**Assignment:**
Retype the data below exactly; skip every image.

**Provided data:**
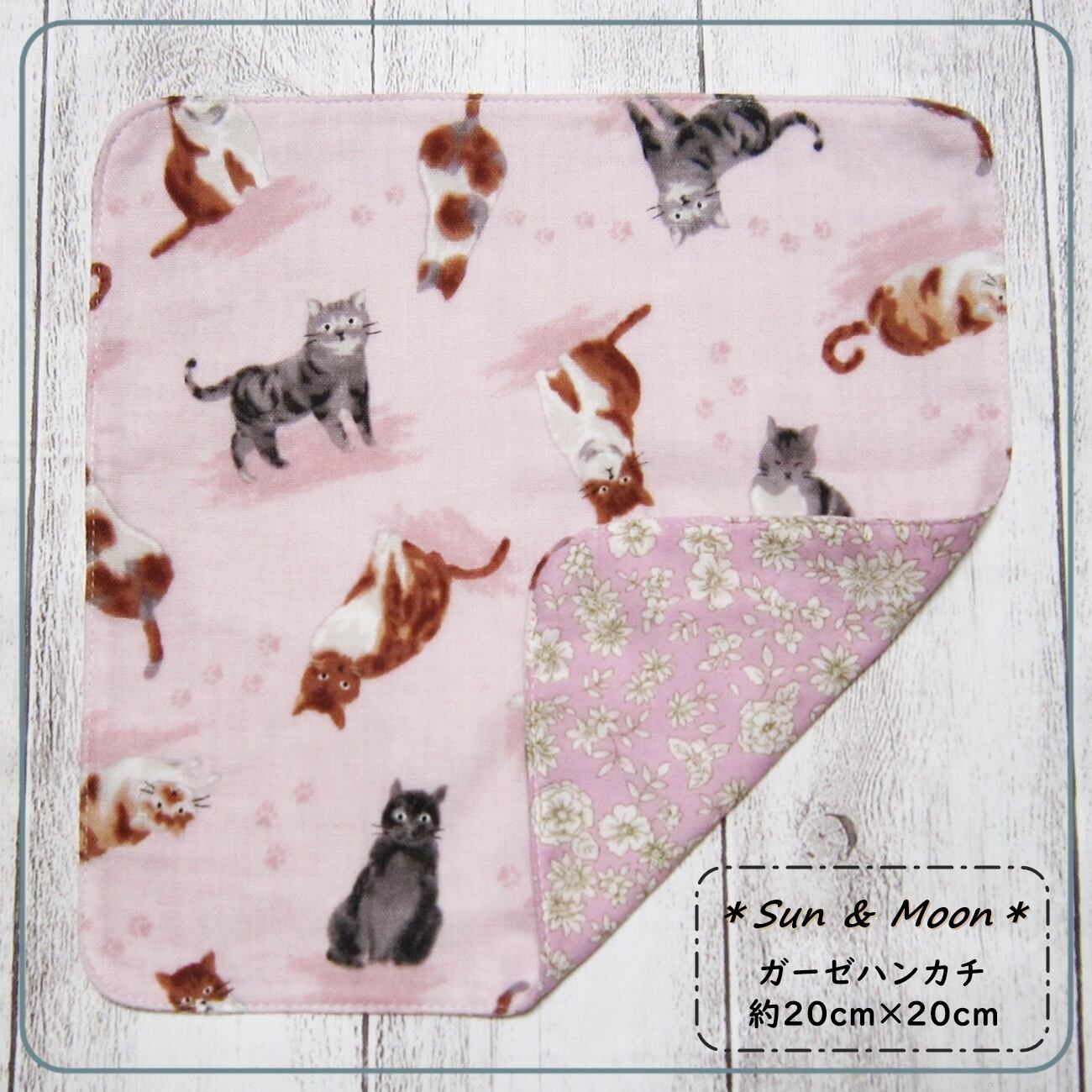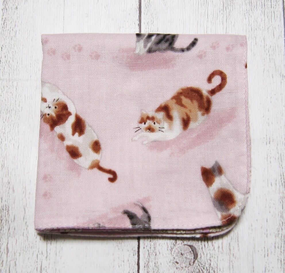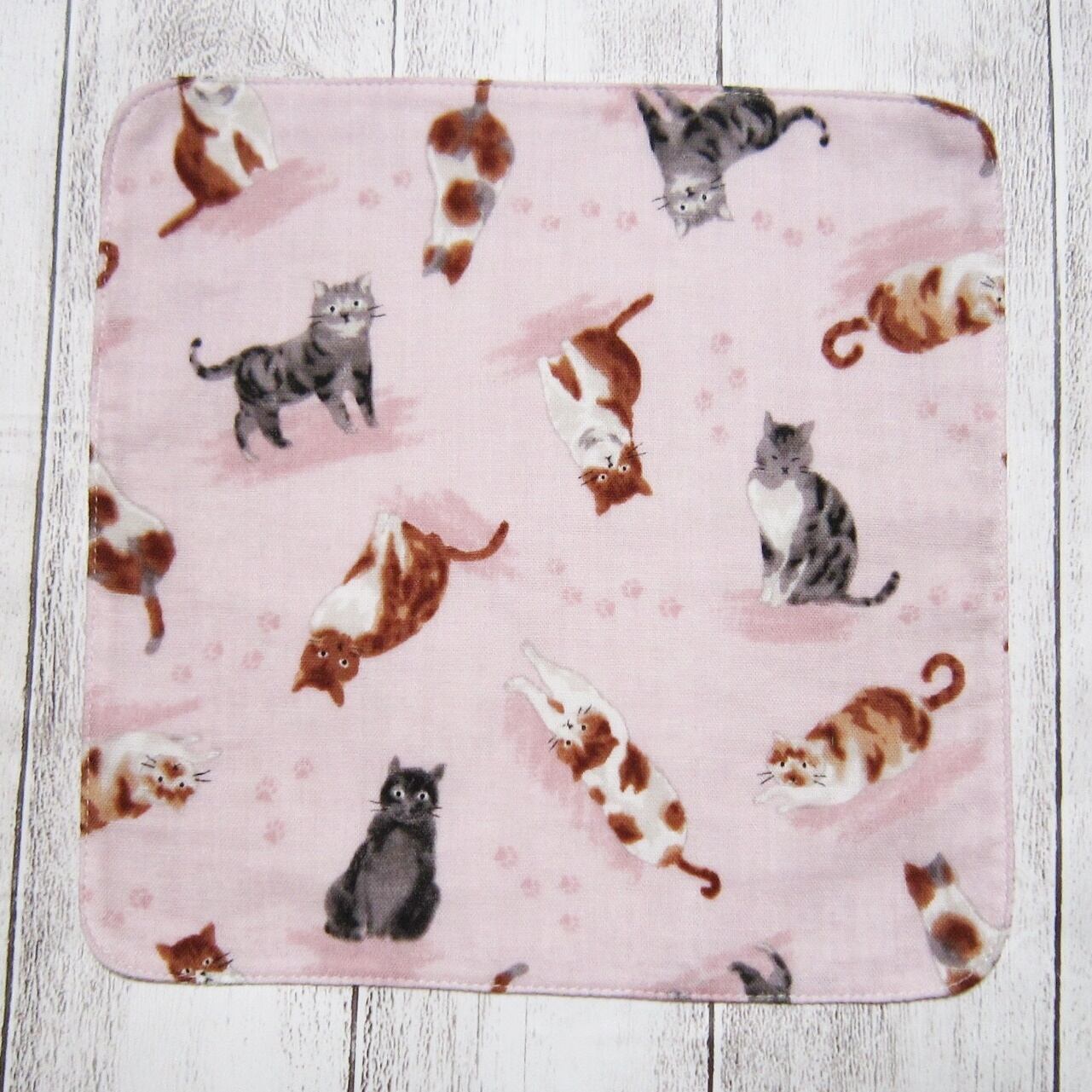 【子供のガーゼハンカチ】歩くネコ&足あと・ピンク
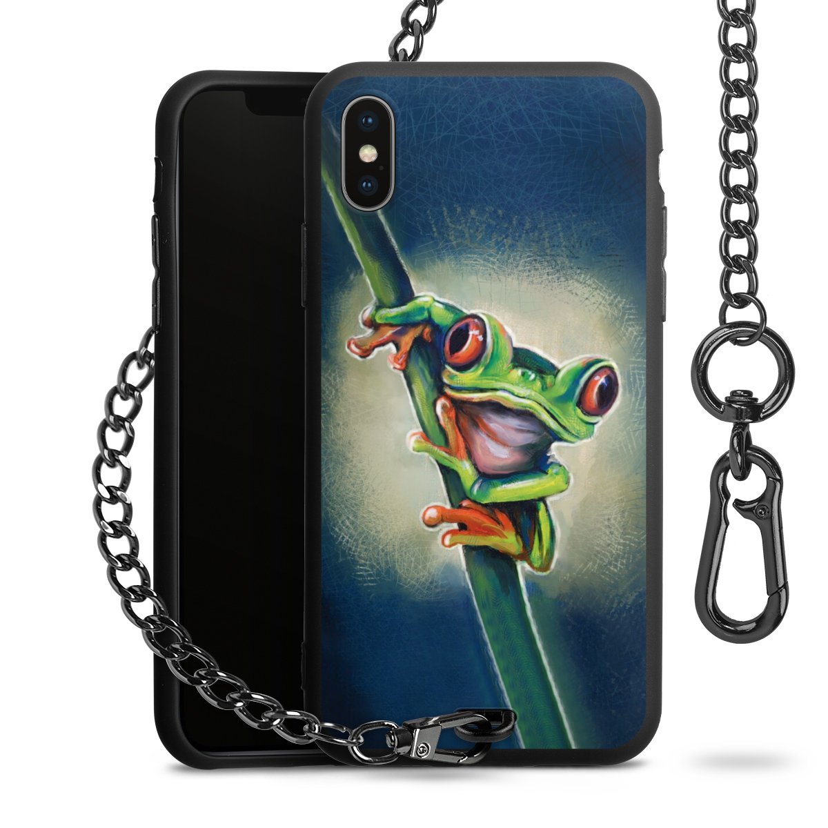 • Mattschwarze Handyhülle mit Metallkette
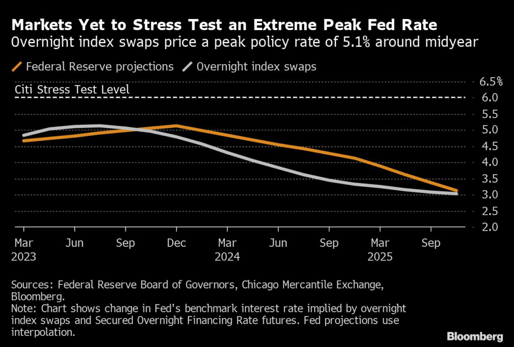 (Bloomberg) — Traders are ignoring the risk of a higher-than expected peak in US interest rates that may result in a painful selloff in both bonds and equities, according to Citigroup Inc.’s head of Asia Pacific trading strategies.

**Answer box:**
 【子供のガーゼハンカチ】歩くネコ&足あと・ピンク
 • Mattschwarze Handyhülle mit Metallkette
 (Bloomberg) — Traders are ignoring the risk of a higher-than expected peak in US interest rates that may result in a painful selloff in both bonds and equities, according to Citigroup Inc.’s head of Asia Pacific trading strategies.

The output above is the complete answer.